産休は、出産前後の女性従業員が取得できる休業です。正式には、産前休業および産後休業のことで、労働基準法によって定められています。したがって女性保護の観点から産休には取得条件はなく、出産予定の女性従業員であればだれでも取得が可能です。
産前休業
産前休業は、6週間以内に出産を予定している女性従業員の申し出によって与えられる休業です。事業主は、該当する従業員からの産前休業取得の申し出を原則的に拒否することはできません。また、妊娠中に主治医等から指導を受けた場合には、負担の少ない業務への転換が必要なこともあります。

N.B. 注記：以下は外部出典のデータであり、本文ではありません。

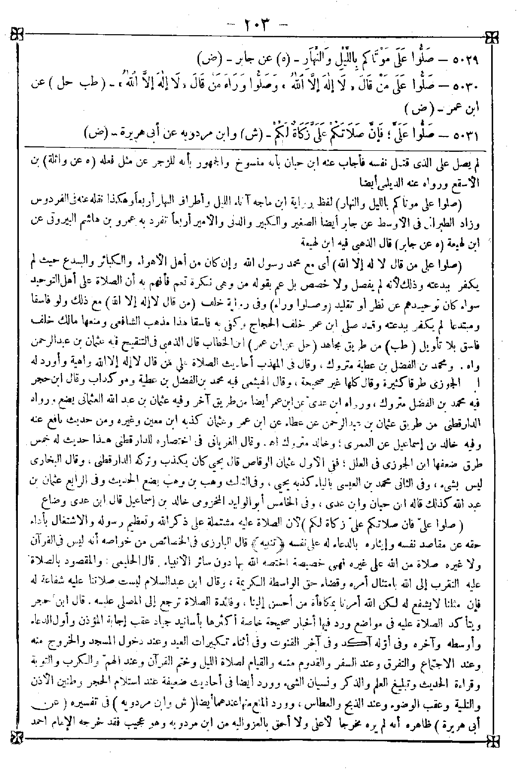 5031 - (صلوا علي فإن صلاتكم علي زكاة لكم) لأن الصلاة عليه مشتملة على ذكر الله وتعظيم رسوله والاشتغال بأداء حقه عن مقاصد نفسه وإيثاره بالدعاء له على نفسه <تنبيه> قال البارزي في الخصائص: من خواصه أنه ليس في القرآن ولا غيره صلاة من الله على غيره فهي خصيصة اختصه الله بها دون سائر الأنبياء. قال الحليمي: والمقصود بالصلاة عليه التقرب إلى الله بامتثال أمره وقضاء حق الواسطة الكريمة وقال ابن عبد السلام: ليست صلاتنا عليه شفاعة له فإن مثلنا لا يشفع له لكن الله أمرنا بمكافأة من أحسن إلينا وفائدة الصلاة ترجع إلى المصلى عليه. قال ابن حجر: ويتأكد الصلاة عليه في مواضع ورد فيها أخبار صحيحة خاصة أكثرها بأسانيد جياد عقب إجابة المؤذن وأول الدعاء وأوسطه وآخره وفي أوله آكد وفي آخر القنوت وفي أثناء تكبيرات العيد وعند دخول المسجد والخروج منه وعند الاجتماع والتفرق وعند السفر والقدوم منه والقيام لصلاة الليل وختم القرآن وعند الهم والدرب والتوبة وقراءة الحديث وتبليغ العلم والذكر ونسيان الشيء وورد أيضا في أحاديث ضعيفة عند استلام الحجر وطنين الأذن والتلبية وعقب الوضوء وعند الذبح والعطاس وورد المنع منها عندهما أيضا

なお、双子や三つ子などの多胎妊娠をしている従業員は、14週間前から取得が可能です。
産後休業
産後休業は、出産日から8週間の休業のことを指します。事業主は、原則として出産から8週間以内の女性従業員を就業させてはいけません。ただし、従業員側からの申し出があり、医師による許可がある場合に限り、産後6週間経過後から職場への復帰が可能です。
産前休業が従業員からの申し出によって取得する休業であるのに対し、産後休業は法的に強制的な休業である点に注意が必要です。産休は「産前・産後休業」として産前と産後セットで取得されることが多いものの、産前休業と産後休業では、法律の扱いが異なります。
なお、産前休業に入る時点では、実際の出産日を基準にすることはできません。そのため、出産予定日を基準に、6週間前から休業を取得できます。出産日よりも前に出産した場合は、その時点で産前休業が終了し、翌日から産後休業に入ります。一方、予定日よりも出産日が遅れた場合は、遅れた日数も産前休業扱いになります。また、出産日は産前休業に含みます。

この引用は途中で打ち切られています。